Friday, October 11, 2019

A Nostalgia Moment: The Overhead Projector




Kurt Harden of Cultural Offering recently told me that he has an overhead projector.

He uses it as a prop.

Aargh.

Nonetheless I am filled with envy. In a display of bad judgment several years ago, I gave away my overhead projector. 

Later on - amid sober reflection - there was much weeping and gnashing of teeth.

My reasoning at the time was not irrational. A speaker of advanced years with gray hair and an overhead projector might as well have a pocket watch and drive a Nash.
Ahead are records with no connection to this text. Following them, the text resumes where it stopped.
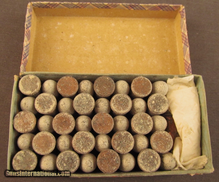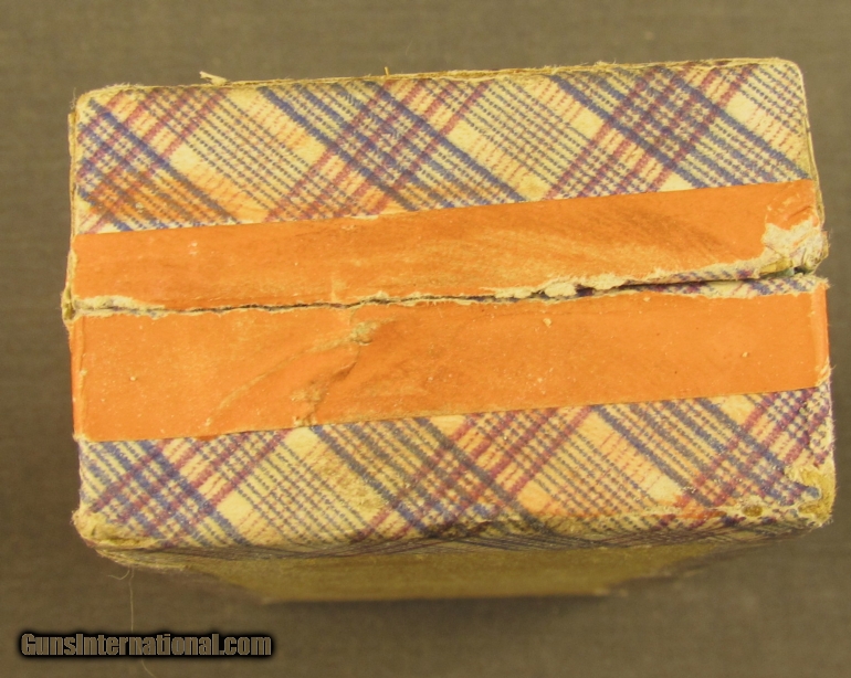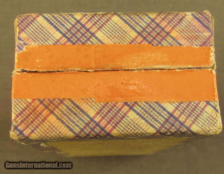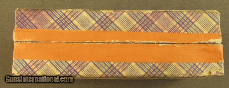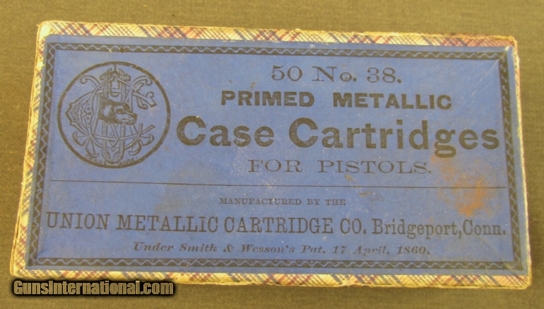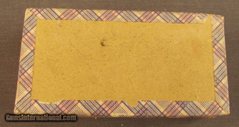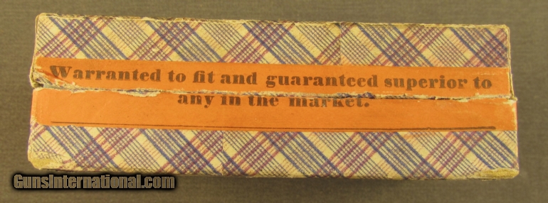 Description: This two piece half split square corner wallpaper box was built between 1867 and 1870. Box remains in excellent condition with bright labels. A light brown stain shows on top label. Side label is 98% present and fully legible on the one side with script. These early boxes with S+W patent info and early UMC logo are quite rare. SOLD Manufacturer: UMC Model: Ammo Caliber Info: .38RF Gauge Info: .38RF |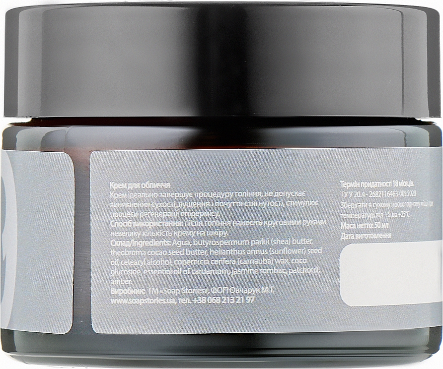 Крем после бритья Soap Stories №9 GREY 100% NATURAL, 50 мл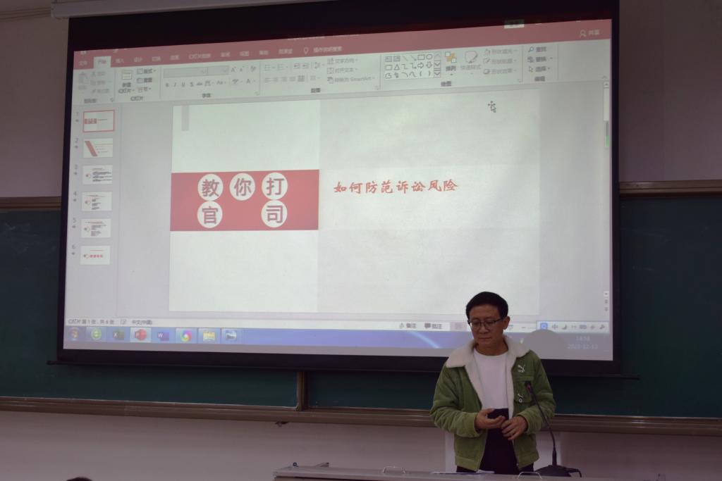 为了提高员工的法律意识和风险意识,了解法律的规定和适用及可能面临的风险。12月13日下午,公司开展“律师教你打官司——如何防范诉讼风险”专题讲座,本次讲座由伟德国际bevictor1946法学专业教师曾六兵主讲。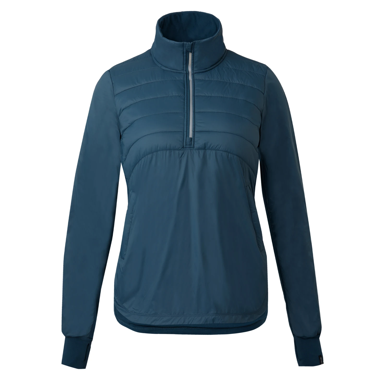 The coat is designed to flatter and comes in several attractive color options. Soft, lightweight technical fleece is combined with windproof woven fabric to create a durable hybrid anorak. The hem is slightly lower at the back for more protection, and the front pockets are closable with zips. The main zip opens halfway down the front – keep it open when warm or close up the high collar to keep your neck warm. A reflective strip runs the length of the zip, and we all know that the more reflective details you can wear in the dark, the better!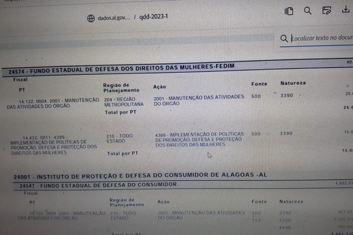 Garantia de direitos pode evitar o feminicídio, mas, em Alagoas, qual o órgão que garante esse direito, se , segundo, o Quadro de Detalhamento da Despesa (QDD), do governo do estado de Alagoas, o FEDIM criado para esse fim tem parcos 15 mil reais para abarcar a garantia de direitos de mulheres do estado todinho.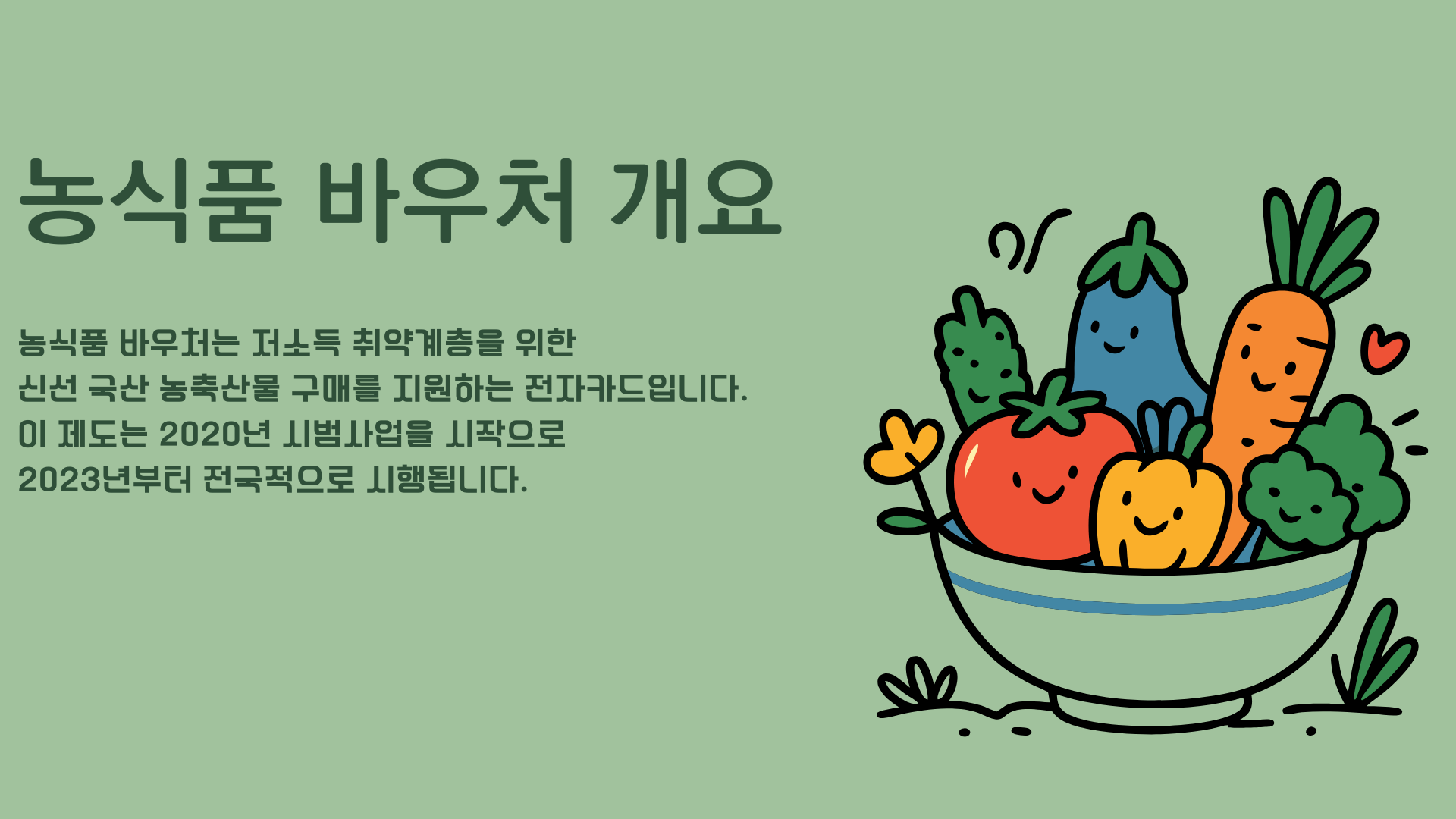 바로 23일부터 전국적으로 본격 시행되는 농식품 바우처 제도 때문인데요.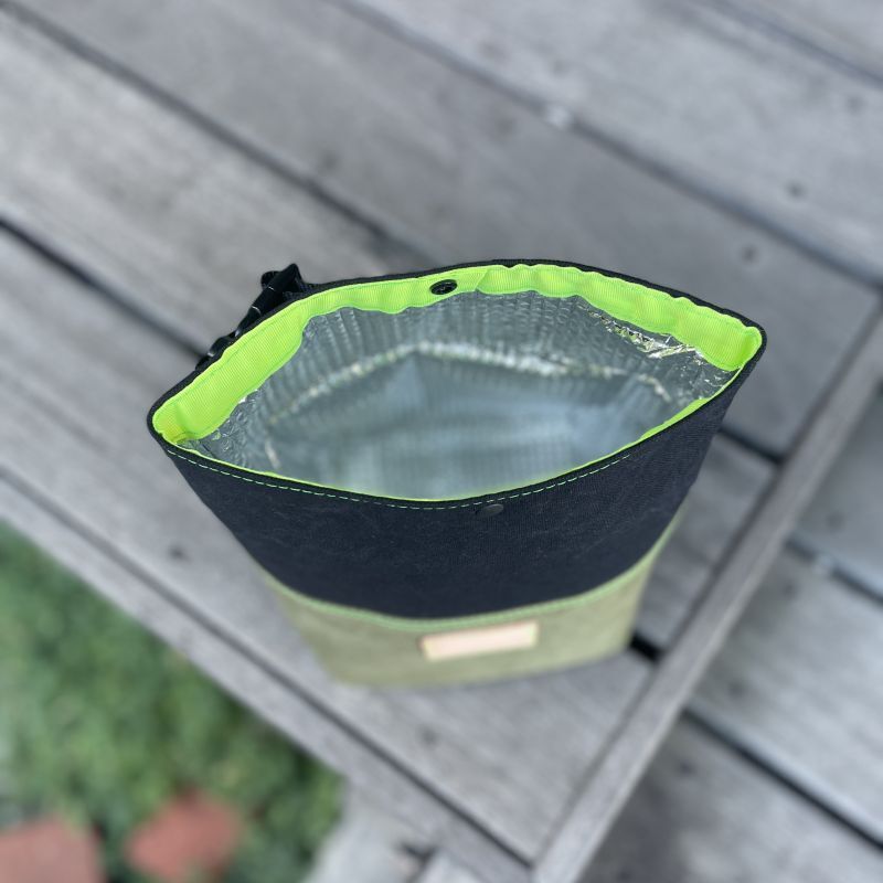 くるくると巻いて口を閉じることで、保冷力をキープ。ベルト部分はハンドルになるので持ち運びにも便利です。巻く回数を調節することでお弁当のサイズに合わせてサイズをアレンジ出来ます。

That said, long-time readers of this blog know that I believe the old overhead projectors were, in key respects, far superior to the rigid flashiness of modern PowerPoint.

How so?


The overhead projector permitted far more spontaneous exchanges between the speaker and the audience. If a point needed to be illustrated, it could be easily shown simply by drawing or writing with a grease pencil (or an erasable marker) on an acetate slide.

Because of that option, presenters didn't have to prepare as much as they do with PowerPoint. The PowerPoint presenter needs to craft slides in advance. The presenter using an overhead projector can easily construct and customize a slide right on the spot. Some overlays could be prepared in advance but the real action often occurred when the presenter prepared one in response to audience questions.
Those are not minor advantages but there was an intangible one that may be even more important. Rather than the "here it is" moment of a PowerPoint slide, the overhead projector permitted the audience to get a brief sense of how the speaker's thought process worked. I can still recall high school instructors uncovering the mysteries of algebra and geometry via a well-used grease pencil.

Do I use PowerPoint? Yes, for some presentations, but whenever possible I find myself using a flip chart to convey reasoning that once would have been dynamically presented on acetate.

Progress is not always progress.

[BTW: I refer to overhead projectors in my book on How to Make Presentations to Councils and Boards. I will be preparing a revised edition so younger readers won't think that they've uncovered a Trivial Pursuit item.]